- [Task objective]: Output all of the lines below exactly, and leave out each image.

- [Dataset content]:
________
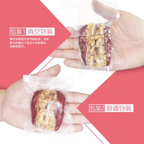 饱满大枣去核后,加入葡萄干和核桃仁,口感层次丰富,吃着更有食欲。属于真空独立小包,包裹严密不怕受潮。
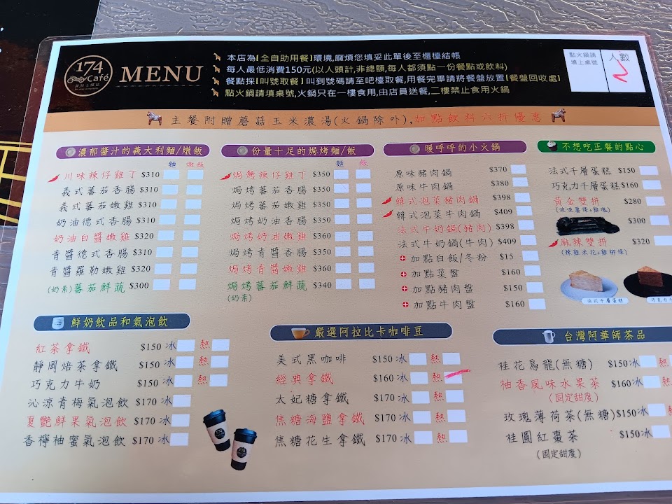 來這請先選位子,櫃台告知人數拿取菜單
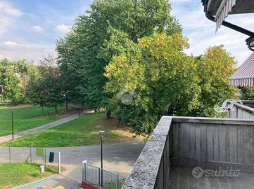 La zona giorno è composta da un ingresso direttamente sul soggiorno che affaccia sul balcone, con vista aperta su un parco e da una spaziosa e comoda cucina abitabile.
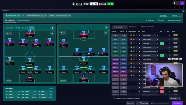 02:46:55Gegen den letzten Gegner in der Qualifikation setzt er auf einen Spieler namens Moraghan, um seine Chance auf ein Playoff-Ticket gegen Stuttgart wahren zu können. Auch wenn dieses Scheitert, ist die Europa-League-Teilnahme als Erfolg gewertet. Dennoch sieht er sich mit der Herausforderung konfrontiert, die Liga zu stabilisieren und seine Meisterschaftsambitionen nicht aus den Augen zu verlieren, während sein Karriereweg im FM weitergeht.
________
- [Task response]:
 饱满大枣去核后,加入葡萄干和核桃仁,口感层次丰富,吃着更有食欲。属于真空独立小包,包裹严密不怕受潮。
 來這請先選位子,櫃台告知人數拿取菜單
 La zona giorno è composta da un ingresso direttamente sul soggiorno che affaccia sul balcone, con vista aperta su un parco e da una spaziosa e comoda cucina abitabile.
 02:46:55Gegen den letzten Gegner in der Qualifikation setzt er auf einen Spieler namens Moraghan, um seine Chance auf ein Playoff-Ticket gegen Stuttgart wahren zu können. Auch wenn dieses Scheitert, ist die Europa-League-Teilnahme als Erfolg gewertet. Dennoch sieht er sich mit der Herausforderung konfrontiert, die Liga zu stabilisieren und seine Meisterschaftsambitionen nicht aus den Augen zu verlieren, während sein Karriereweg im FM weitergeht.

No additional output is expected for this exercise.